» **Activity**:
Reproduce each line of the following material exactly, omitting the images.

» **Raw data**:

++++++

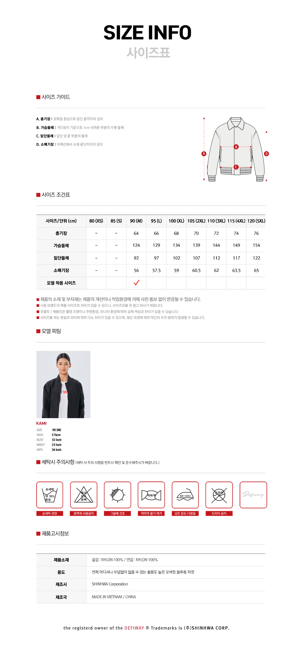 겉감 : 나일론 100% / 안감 : 나일론 100%
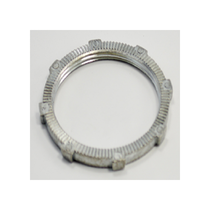 The Bridgeport 106-DC is a rigid zinc die cast locknut designed for use with rigid conduit. This locknut provides secure fastening to ensure that conduit installations are safe and compliant with electrical codes.
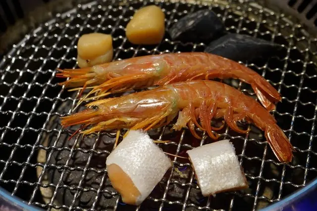 一同來烤上的天使紅蝦這麼大尾,前頭的鬍都有處理過烤起來就是棒棒的
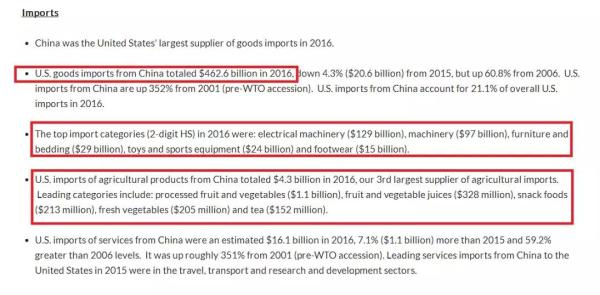 首先,从中方向美方的出口结构来看:2016年美国从中国进口总值4626亿美元,是美国最大的商品供给方。进口额最高的是电子机械类产品(1290亿美元),机器(970亿美元),家具及寝具(290亿美元),玩具及运动装备(240亿美元),鞋类(150亿美元)。此外,从中国进口的农产品总额43亿美元(这已经是美国第三大农产品供应方了),其中占比最高的是加工后的水果及蔬菜(11亿美元),水果及蔬菜汁(3.28亿美元),快餐休闲类食品(2.13亿美元),新鲜蔬菜(2.05亿美元)及茶叶(1.52亿美元)。

++++++

» **Output**:
 겉감 : 나일론 100% / 안감 : 나일론 100%
 The Bridgeport 106-DC is a rigid zinc die cast locknut designed for use with rigid conduit. This locknut provides secure fastening to ensure that conduit installations are safe and compliant with electrical codes.
 一同來烤上的天使紅蝦這麼大尾,前頭的鬍都有處理過烤起來就是棒棒的
 首先,从中方向美方的出口结构来看:2016年美国从中国进口总值4626亿美元,是美国最大的商品供给方。进口额最高的是电子机械类产品(1290亿美元),机器(970亿美元),家具及寝具(290亿美元),玩具及运动装备(240亿美元),鞋类(150亿美元)。此外,从中国进口的农产品总额43亿美元(这已经是美国第三大农产品供应方了),其中占比最高的是加工后的水果及蔬菜(11亿美元),水果及蔬菜汁(3.28亿美元),快餐休闲类食品(2.13亿美元),新鲜蔬菜(2.05亿美元)及茶叶(1.52亿美元)。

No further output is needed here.